I haven’t eaten again since. JUST KIDDING. Over the course of my time in Georgia I’ve also consumed pizza, mac n’cheese, fried avocado tacos, sushi, gyoza, and ribs. My third day here I was also able to sneak in a visit to the Georgia Aquarium, which is a magical, magical place. I watched some river otters snoozing, attended a sea lion show, goggled at the massive manta rays, and pet an epaulette shark (10/10 very friendly, would pet again):
However, I’ve occasionally been taking a break from my packed schedule of gluttony and sight-seeing to do some anthropology. On Wednesday, I attended the annual Dental Anthropology Association workshop for the first time. During the first part of the morning, Jim Watson provided an introduction to macrowear, covering the factors that contribute to wear, the development of scoring systems in anthropology, and its utility in reconstructing prehistoric behavior.

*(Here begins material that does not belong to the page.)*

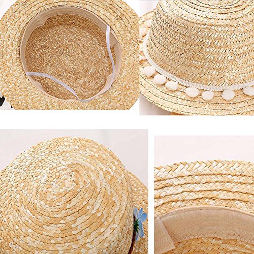 ベビーガールハットサマービーチサンハット麦わら帽子3-8歳、白

In turn, the participants provided data for a comparison of the Smith and Scott scoring systems:
Later in the afternoon, Chris Schmidt led the workshop in a discussion of dental microwear. During this second workshop, we were able to test our ability to differentiate “good” and “bad” images:
We finished with a wonderful talk from the University of Michigan’s own Holly Smith, who described the academic trajectory that took her from an early interest in macrowear and diet to her continuing fascination with hominin dental development.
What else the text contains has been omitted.